In January 2018, the Trump Administration found that China’s overproduction of steel and aluminum, and the resulting impact on global markets, is a circumstance that threatens to impair America’s national security.
The United States has run a trade in goods deficit with China for years, including a $375 billion deficit in 2017 alone.
The President is especially upset that the past president has promoted the interests of China at the expense of undermining American innovation and jobs. He said that it has aggressively sought to obtain technology from American companies and undermine American innovation and creativity.
His Administration also cited the cost of China’s intellectual property theft which costs United States innovators billions of dollars a year. China accounts for 87 per cent of counterfeit goods seized coming into the United States.
The United States Trade Representative’s (USTR) investigation has identified four of China’s aggressive technology policies that put 44 million American technology jobs at risk:
Trump alleges that China uses foreign ownership restrictions, administrative review, and licensing processes to force or pressure technology transfers from American companies. China requires foreign companies that access their New Energy Vehicles market to transfer core technologies and disclose development and manufacturing technology.
He said China imposes contractual restrictions on the licensing of intellectual property and technology by foreign firms into China, but does not put the same restrictions on contracts between two Chinese enterprises.
He charged that China directs and facilitates investments in and acquisitions of United States companies to generate large-scale technology transfer. And that it conducts and supports cyber intrusions into United States computer networks to gain access to valuable business information so Chinese companies can copy products.
President Trump has taken long overdue action to finally address the source of the problem by addressing China’s unfair trade practices that hurt America’s workers and its innovative industries.
In January 2018, the President announced his decision to provide safeguard relief to United States manufacturers injured by surging imports of washing machines and solar products. His Administration’s actions responded to injurious trade practices by China and other countries, including attempts to avoid legally imposed anti-dumping and countervailing duties. He reminded that following the decision, Whirlpool announced 200 new jobs in Ohio.
USTR and the U.S. Department of Commerce said that they were working together to defend the right of the United States to continue treating China as a non-market economy in anti-dumping investigations until China makes the reforms it agreed to when it joined the World Trade Organization (WTO).
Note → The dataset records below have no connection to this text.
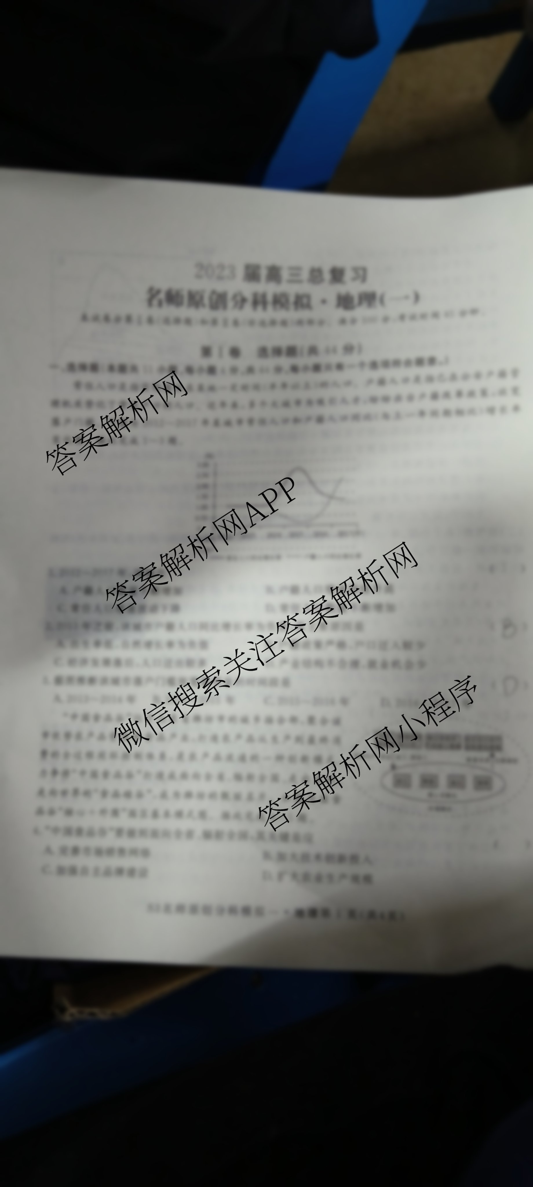 - 高三2023届总复习S3名师原创模拟地理(一)1答案
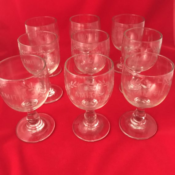 Référence: CV 010 Exceptionnel de trouver neuf verres Amitié anciens au modèle ! Ils étaient souvent offerts à l’unité et jamais achetés en service. Décor sablé de deux branches de gui (?) nouées ensemble. H […]
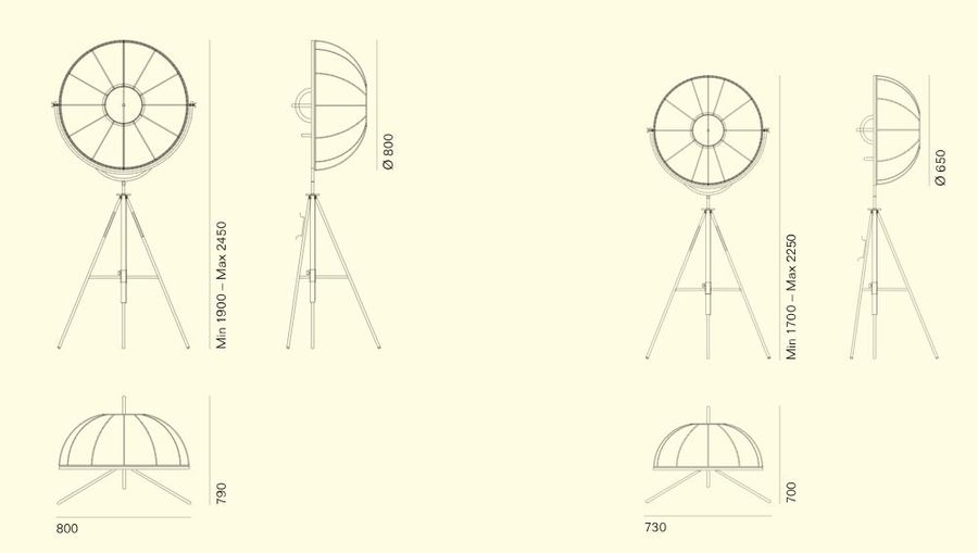 Идея основания возникла из штатива камеры с регулируемой ножкой, в то время как для абажура Мариано Фортуни изменил типичные абажуры того времени, сделав их наклоняемыми и, таким образом, создав инструмент для ориентации света. В истории дизайна найдется немного проектов, способных дать новые интерпретации, сохранив неповторимую индивидуальность. Новая версия с серебристой тканью от знаменитой ткацкой фабрики Rubelli - еще один пример.
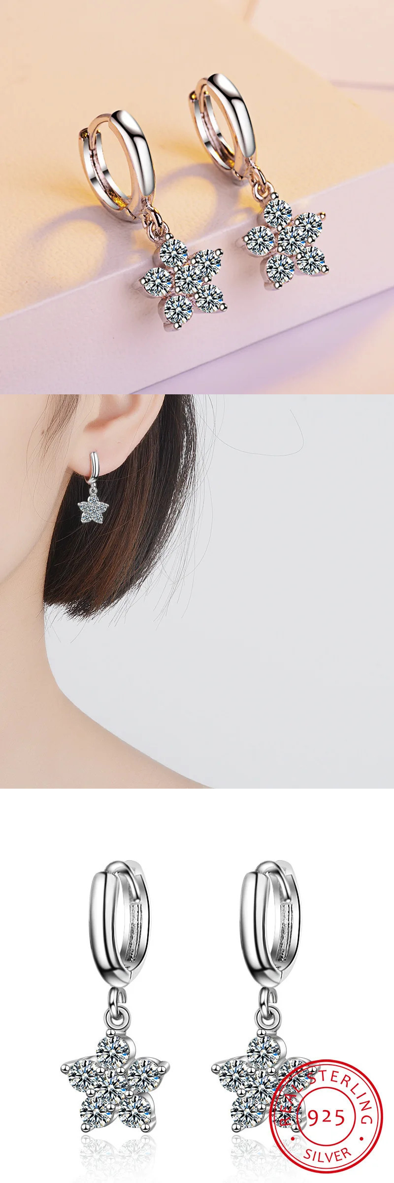 ピアス ジルコニア クリスタル シルバー ドロップ フラワー プラント リング 植物 花 レディース 925 スタンプ カラー ジルコン 收藏
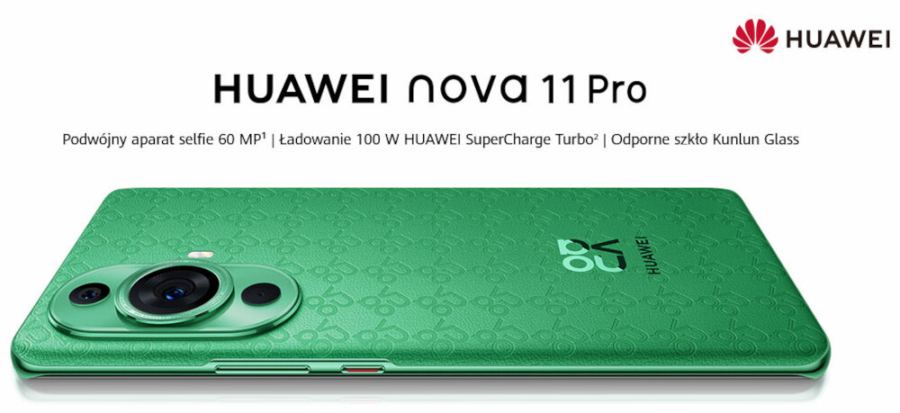 Seria nova od samego początku charakteryzuje się estetyczną formą oraz odważnymi kolorami. W HUAWEI nova 11 Pro zastosowano wysokiej jakości skórę wegańską, ozdobioną unikalnym wzorem, który powstał dzięki symetrycznemu ułożeniu monogramu nova. To pierwszy raz w historii marki, kiedy zastosowano taką formę. Skóra charakteryzuje się przyjemną w dotyku teksturą oraz wysoką odpornością na upadki i codzienne użytkowanie.
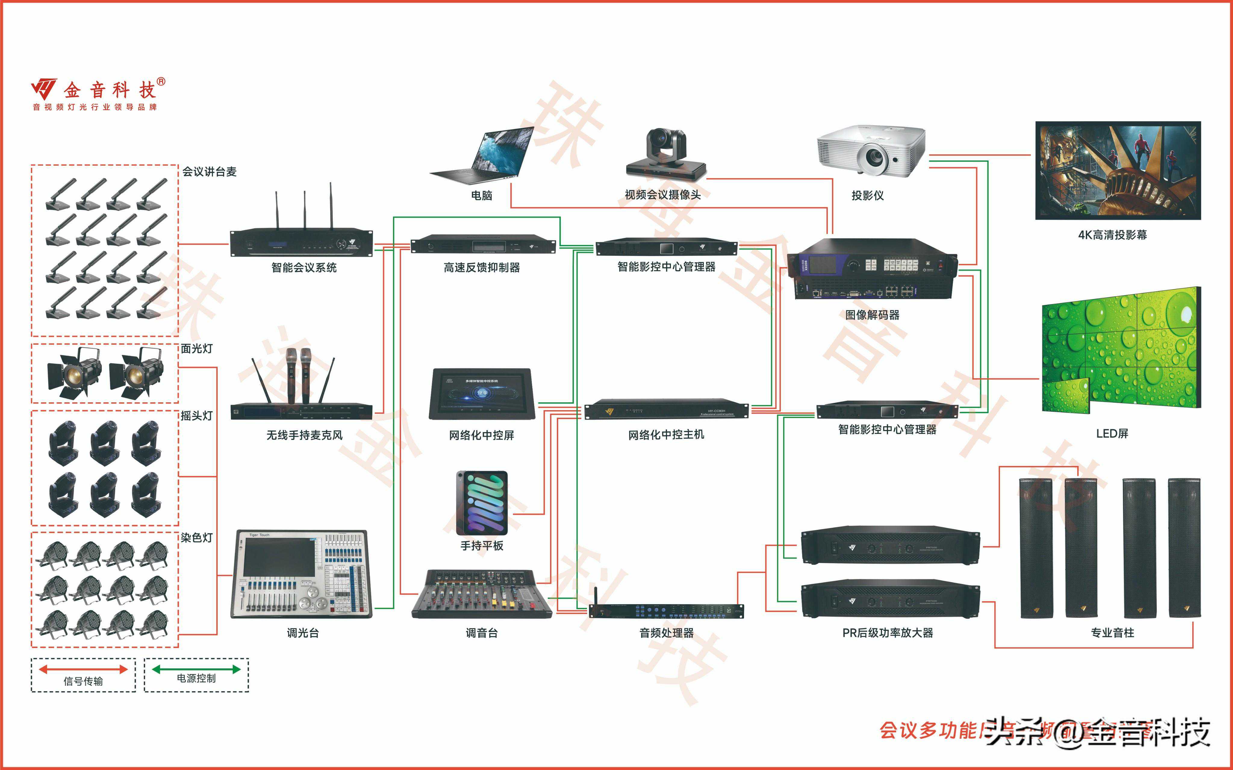 接下来以金音电子科技的专业音响系统为例,介绍大型会议室音响系统的常用组成部分:

President Trump’s Administration has successfully litigated WTO disputes targeting unfair trade practices and upholding Americans right to enforce United States trade laws. In February 2018, USTR won a WTO compliance challenge against China’s unfair anti-dumping and countervailing duties on United States poultry exports and China announced the termination of those duties.
President Trump had earlier imposed a 25 percent tariff on $50 billion of goods imported from China containing industrially significant technology, including those related to the “Made in China 2025” program. He said the final list of covered imports will be announced by June 15, 2018.
He added that the United States will implement specific investment restrictions and enhanced export controls for Chinese persons and entities related to the acquisition of industrially significant technology.